Neste post, Doshi refere-se àqueles que criticaram os controlos de exportação dos EUA que ele projectou como "  robôs RPC ". Isso é característico da arrogância e do desprezo que o governo Biden tinha pela perspectiva da China (e, incidentalmente, da Rússia) e causou imenso prejuízo aos Estados Unidos. Quando se tem tão pouco respeito pelo oponente a ponto de descartar as suas preocupações e comentários sumariamente como se fossem de "  robôs  " sem cérebro, não se deve surpreender quando as políticas se voltam contra eles de forma catastrófica. Os controlos de exportação de semi-condutores são um exemplo perfeito: é claro que a China teria grandes preocupações com eles, é claro que os veria como uma tentativa de sufocar o seu desenvolvimento e, é claro, faria tudo o que pudesse para impedi-los (o que fez com sucesso, à custa dos EUA:  a Nvidia caiu  de 95% de participação no mercado chinês para 0%). Mas, como os formuladores de políticas americanas como Doshi vivem numa bolha onde qualquer preocupação chinesa é inútil, já que são apenas " robôs " estúpidos que agem por conta própria, eles ignoraram tudo isso.
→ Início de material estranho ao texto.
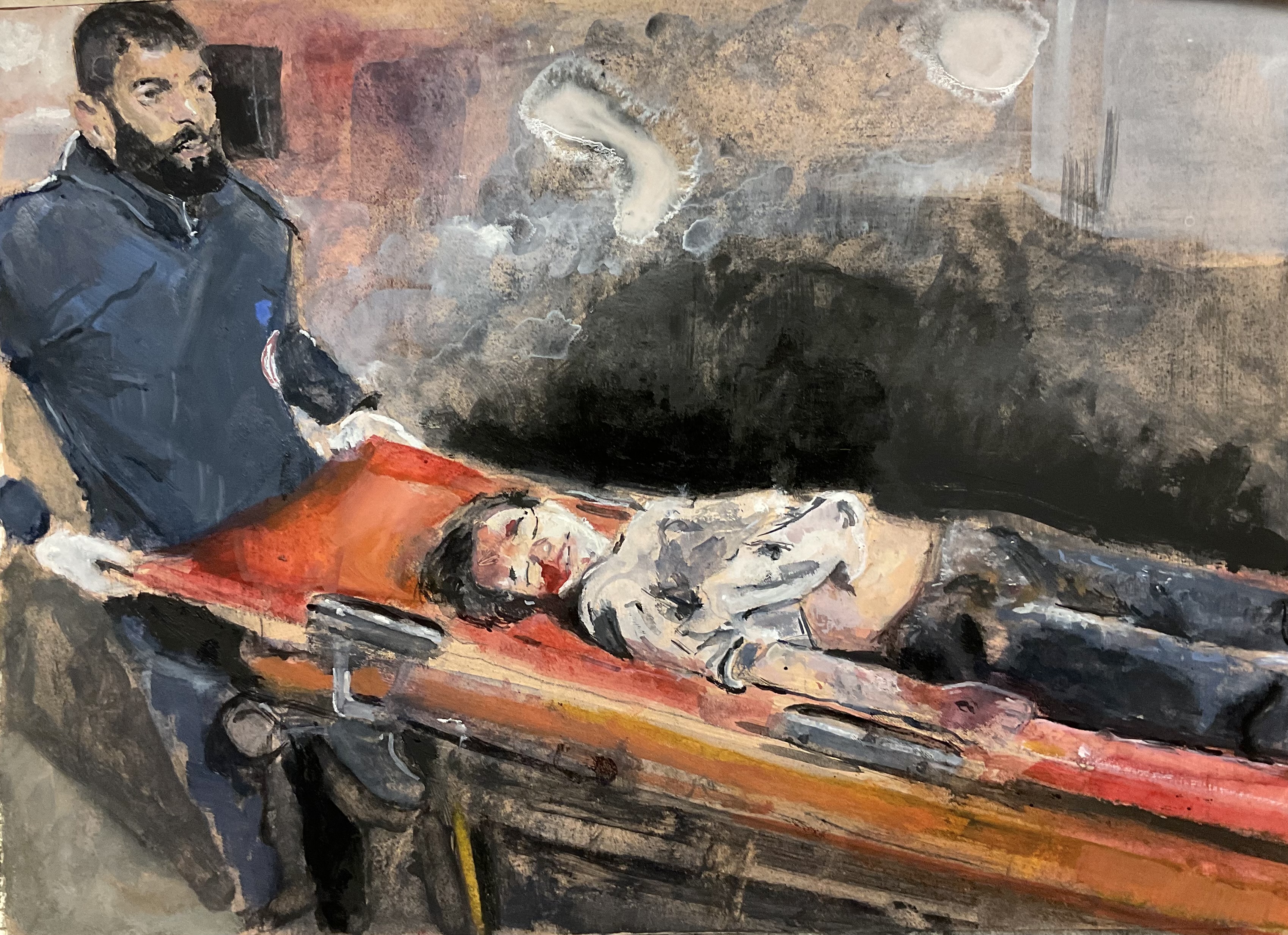 Sketch from eyewitness photo (#gouache) .A medic in #Gaza desperately tries to save the life of a young girl from the Hajj family. Her house was targeted by #IDF warplanes. #NetanyahuWarCriminalinfo via @RamAbdu@RamiJarrah @EyeonPalestine @hrw @ajplus @FARED_ALHOR @aiww
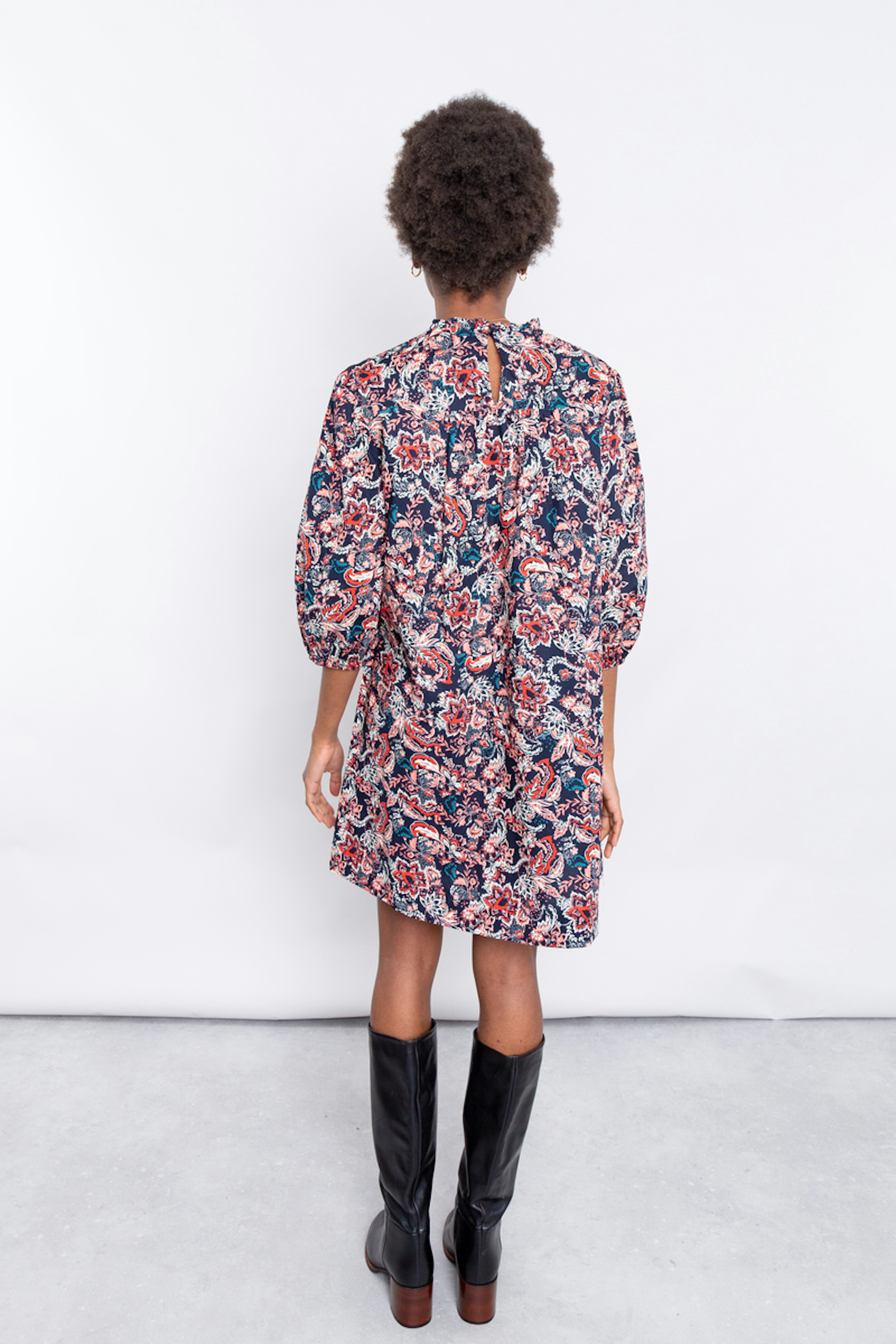 โข Robe coupe babydoll en popeline de coton โข Manches 3/4 bouffantes โข Imprimรฉ paisley marine

Sempre achei extremamente instrutivo ler textos antigos de missionários jesuítas na China, como Matteo Ricci, pois eles oferecem uma visão fascinante de como costumávamos interagir entre civilizações antes que a diferença de poder se tornasse tal que o entendimento mútuo se tornasse opcional.

Os jesuítas chegaram a uma China mais rica, mais populosa e tecnologicamente comparável à Europa. Este mundo, para todos os efeitos práticos, era multipolar e, na ausência de um desequilíbrio de poder esmagador, tínhamos que interagir com outros "  polos  " em termos de relativa igualdade, o que levava a uma genuína troca intelectual. Os missionários aprenderam chinês, estudaram os clássicos confucionistas e adaptaram a teologia católica aos contextos locais — não por um multiculturalismo iluminado, mas por necessidade. Eles entenderam o que nós esquecemos: que quando não se pode impor a sua própria estrutura, precisamos aprender a operar dentro da estrutura de outra pessoa.

Essa é a lógica que retorna às relações internacionais: um mundo onde o Ocidente não possui mais o poder avassalador para impor as suas preferências, forçando um retorno às antigas artes diplomáticas de acomodação, tradução e negociação baseadas em interesses, e não em valores.

Acredito que, fundamentalmente, essa é a principal dinâmica estrutural subjacente à mudança gradual de tom na media ocidental em relação à China: à medida que a multipolaridade se torna inegável, até mesmo os veículos de comunicação mais ideologicamente comprometidos precisam, a contragosto, adaptar a sua cobertura para se manterem ancorados na realidade. Não por uma iluminação repentina, mas por necessidade — a mesma necessidade que levou os missionários jesuítas a aprenderem mandarim.

Há também o facto, é claro, de que as instituições de media, com todos os seus vieses, dependem, em última análise, da sua credibilidade. Quando os seus leitores podem ver em primeira mão os avanços da China em IA, redes ferroviárias de alta velocidade e domínio em energia verde — através de viagens, do TikTok, dos produtos que compram — a cobertura negativa implacável auto-destrói-se. A confiança na media ocidental já está no seu nível mais baixo, e as suas manchetes sobre a China com a frase agora viral  "...mas a que custo?  " — sistematicamente acrescentada a qualquer desenvolvimento positivo — tornaram-se tão previsíveis que viraram piada recorrente na internet. A auto-depreciação não é exactamente uma estratégia editorial sustentável se se quiser sobreviver como empresa de media.

O fim do financiamento americano

Outro factor que não deve ser ignorado é o desmantelamento, pelo governo Trump, de grandes porções do aparelho de soft power dos EUA  , incluindo a USAID. A agência financiava o treino e o apoio a 6.200 jornalistas em 707 organizações de notícias , destinando centenas de milhões de dólares especificamente para esse fim. Da noite para o dia, esse financiamento desapareceu. Isso certamente terá algum impacto. A organização Repórteres Sem Fronteiras  chegou a afirmar  que essa decisão "  mergulha o jornalismo no caos mundial ".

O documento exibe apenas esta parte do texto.